I can speak from experience here in that I have a mature implementation of a
system like DFDL, just not an industry standard one. In the implementation
one of the most critical things is the ability to rapidly get to the ends of
records, or fields, without having to process the intervening data. Much
effort in the implementation is devoted to these kinds of length
machinations, and we use a plug in architecture where each data type and all
converters on them can be extended and plugged in anew. For example we
didn't originally have any date/time or dateTime types, but added them
afterwards. All types and converters obey a number of different protocols
associated with how length works. I can't see any other way to do it.

That said, we want the minimum complexity in DFDL at the interface to the
transformations that enables efficient implementation.

...mikeb

  _____  

From: Myers, James D [mailto:jim.myers at pnl.gov] 
Sent: Monday, November 22, 2004 11:51 AM
To: dfdl-wg at gridforum.org
Subject: RE: [dfdl-wg] Transform examples

Just a high level comment (not sure I'd split things up the same way you
have but I won't comment on that now ...): I'm not averse to putting
something in DFDL about the expectations about length of fields, but is this
useful in practice versus simply coding this in the parser you build? The
parser is really the thing that will use it to calculate offsets, so some
methods related to getting offsets on the transform classes are really
what's needed - is that made simpler if there's info in the DFDL transform
description? (And can I safely ignore this info in a dumb reference
implementation that can only calculate offsets by actually parsing and then
counting?)

  Jim

-----Original Message-----
From: owner-dfdl-wg at ggf.org [mailto:owner-dfdl-wg at ggf.org] On Behalf Of
mike.beckerle at ascentialsoftware.com
Sent: Monday, November 22, 2004 11:01 AM
To: Chappell, Alan R; dfdl-wg at gridforum.org
Subject: RE: [dfdl-wg] Transform examples

Alan,

I looked at these examples.

There's one thing I think you've overlooked in the way transforms are
specified here. This is the fact that intFromBinary knows that it will pick
exactly 4 bytes off the input stream, and could advertise that property to
the DFDL "system" in some way, whereas intFromAscii might take anything from
1 to however many characters. E.g., it might be able to tolerate whitespace
of any size, leading zeros, etc. So as a transform it needs to advertise
that the length of data being consumed requires that you run the transform. 
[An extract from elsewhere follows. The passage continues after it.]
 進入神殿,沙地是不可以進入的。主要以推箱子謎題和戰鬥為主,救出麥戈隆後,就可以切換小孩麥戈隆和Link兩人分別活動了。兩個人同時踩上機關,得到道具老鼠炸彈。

Where I'm coming from is this. It is very important that a DFDL description
of data enable processing the data efficiently. To me that means that if
data is all fixed width, then one should be able to randomly access fields
in the data in constant time. Even if the data is variable width, one should
be able to efficiently skip through it to find the boundaries without
necessarily having to process all the data, convert to common format, etc.
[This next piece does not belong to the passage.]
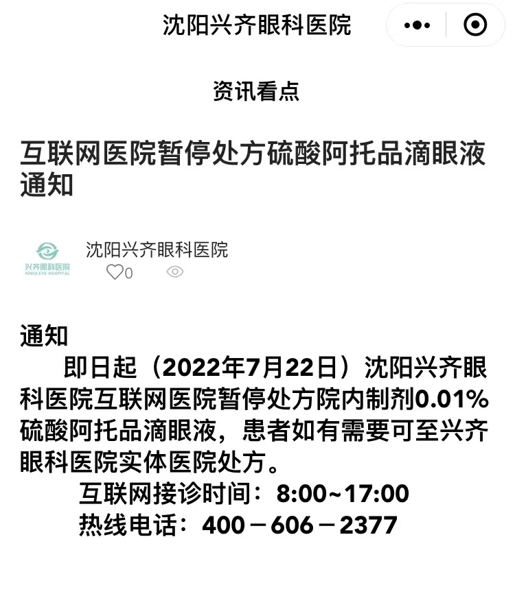 “互联网诊疗限制开具阿托品”终于被实锤。21日晚间,兴齐眼药(300573.SZ)全资子公司沈阳兴齐眼科医院发布公告称,自7月22日起,互联网医院暂停处方院内制剂0.01%硫酸阿托品滴眼液。

To achieve this, transformations must support determining length and
determining value separately when possible.

There are these things I call "length protocols"

1) FIXED_LENGTH: the length is static in the meaning of the type.  E.g., 4
byte length is implicit in the type "int"

2) STATIC_LENGTH: the length is static as part of the element definition.
E.g.,  12 digit packed decimal known from the Cobol FD. Or a string with
exactly 12 characters. (note that we ignore implications of variable-width
chracter encodings like UTF-8 here on purpose more on that below).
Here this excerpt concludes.